Tiffany Murdaugh, 34, of Philadelphia, now faces up to five years in prison if convicted of assault in the 1st degree for the 8 a.m. wreck on Beekman Street April 13.
Driving a Dodge Challenger, Murdaugh sped onto a crowded sidewalk at 25 miles per hour to pass the gridlocked cars, authorities said.
“Those pedestrians include a mother walking her two young children to a nearby school on that block and the mother actually pushes the children into Beekman Street which is full of traffic at that time to save them,” said Assistant District Attorney Philip Gary.
“The defendant’s vehicle does not slow down, does not swerve and continues driving down the sidewalk until it runs over the victim – in this case a 37-year-old woman on her way to work,” said the prosecutor, arguing for a bail increase from $2,500 to $100,000.
Surveillance video captured the collision that threw the victim into the air, shattering her knee and slicing her face.
Once the traffic cleared, Murdaugh merged back into the street and fled the scene, authorities said.
A half hour later, Murdaugh lost her cool again, repeatedly ramming into another vehicle trying to parallel park in Crown Heights, Brooklyn.
When the victim in the second accident called the police, Murdaugh took off on foot, leaving her car at the scene, court papers show.
Cops later tracked down Murdaugh to her home in Philadelphia, and she turned herself in May 19. “I blacked out and don’t recall anything until the fender bender in Brooklyn,” she told police. “I did smoke some marijuana, it must have been laced with something.”
Murdaugh, who works as an apprentice in the cement mason’s union, said she’d just wrapped up a double shift and was exhausted when she had the collision in Manhattan.

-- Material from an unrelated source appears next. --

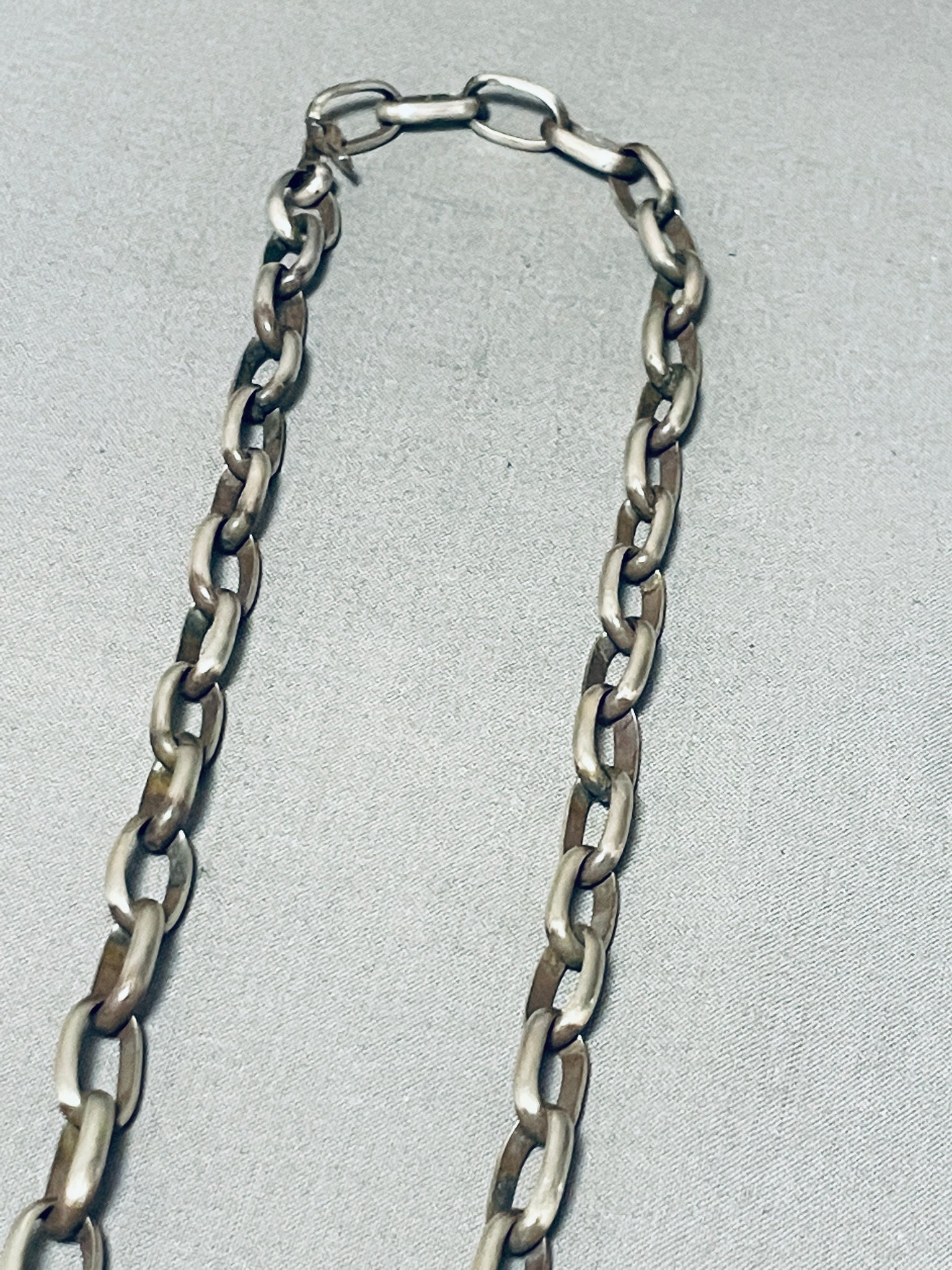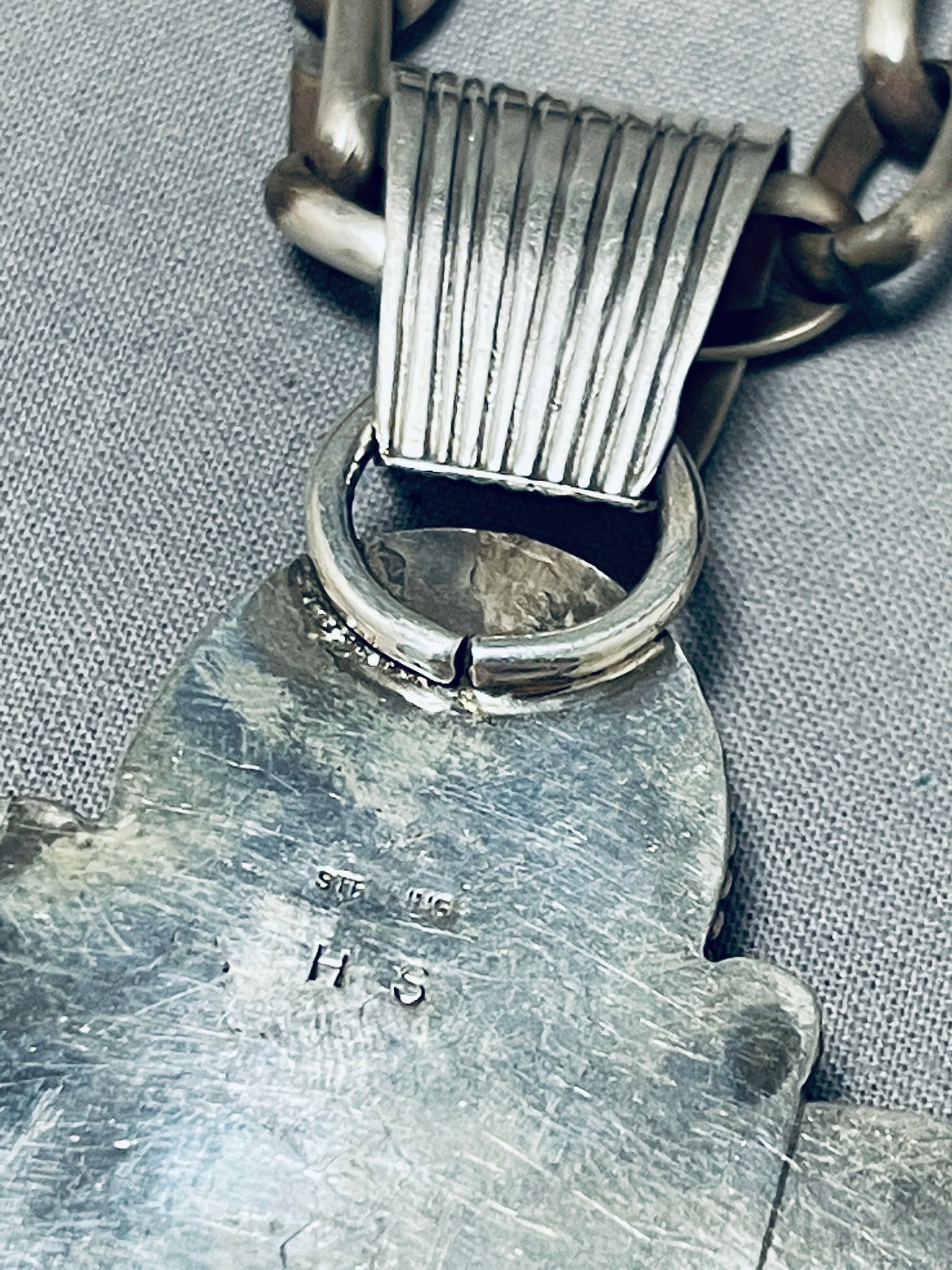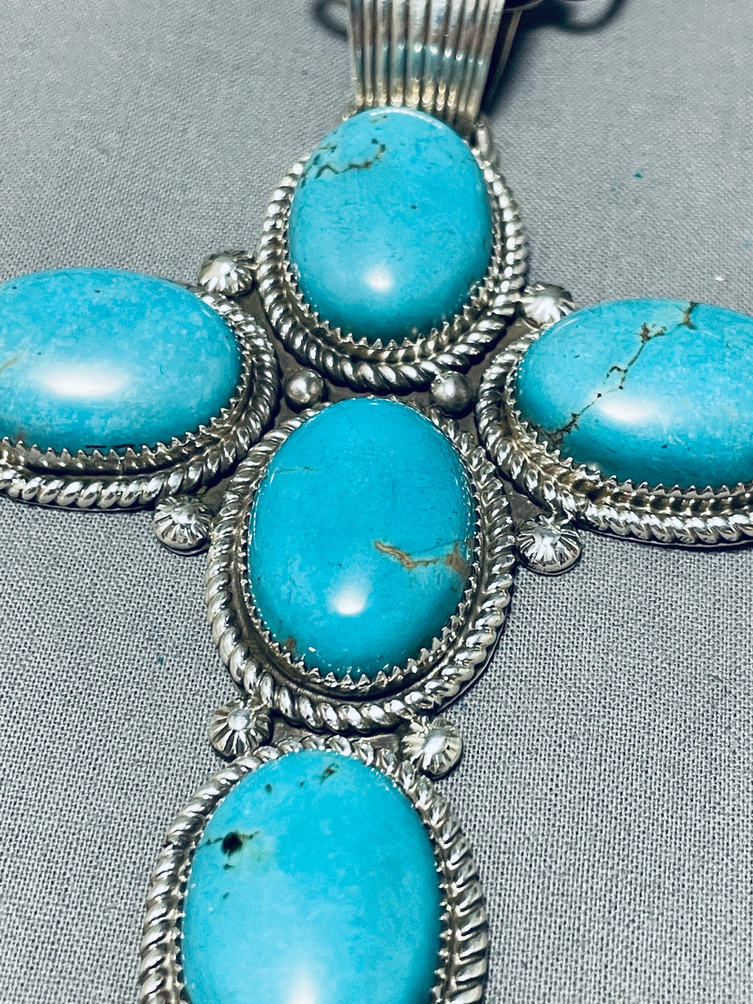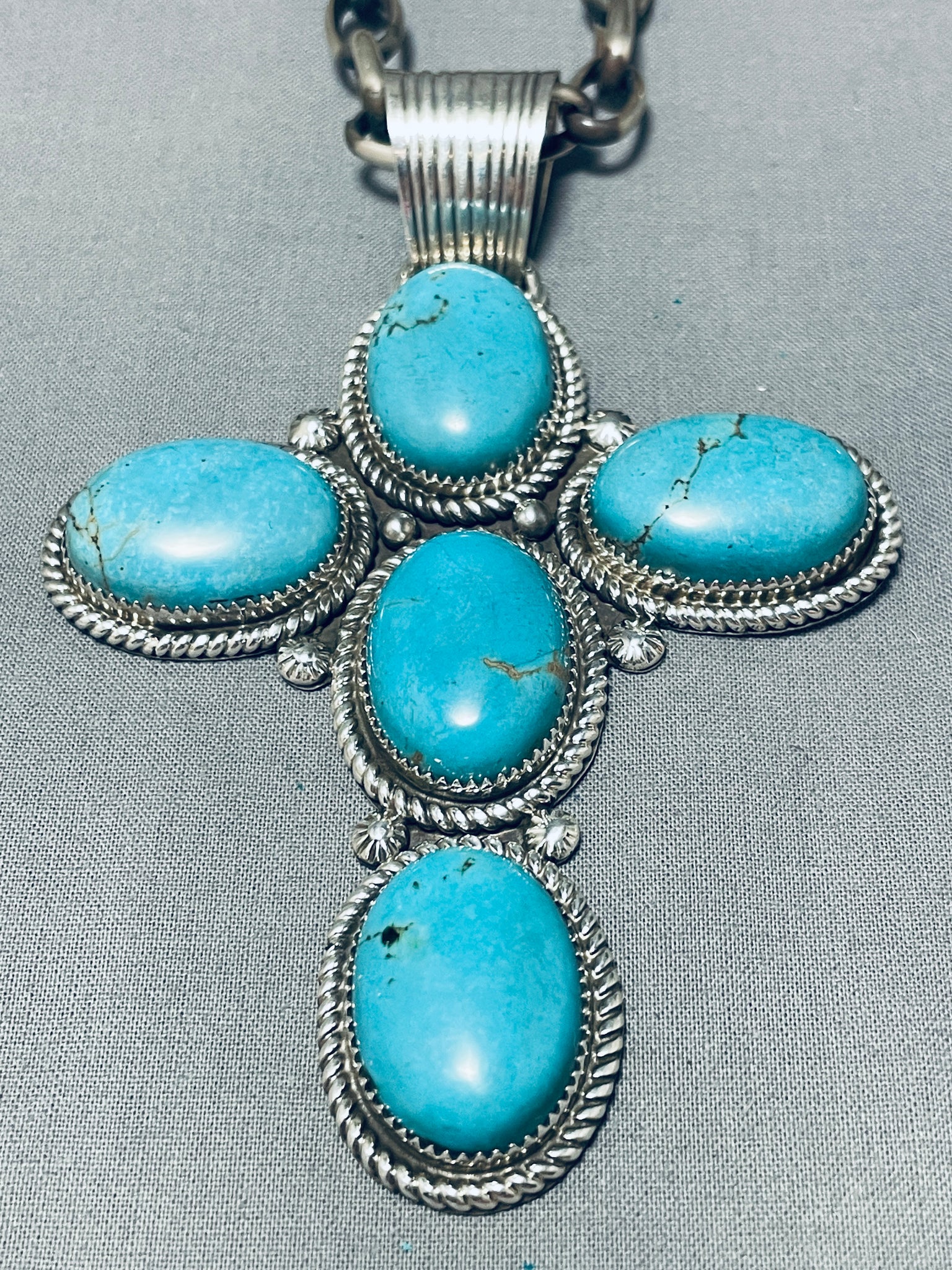 One Of The Biggest Vintage Native American Navajo Turquoise Cross Sterling Silver Necklace

Justice Gregory Carro did not increase Murdaugh’s bail. She pleaded not guilty to assault, reckless endangerment and leaving the scene of an accident.
“Pedestrians have the right to feel completely safe and secure on our sidewalks and when crossing the street, which is why the conduct this driver is accused of is so egregious,” said District Attorney Cyrus Vance. “There is no place for this type of recklessness in New York City.”
She was originally charged with assault in the 2nd degree and faced two years in jail.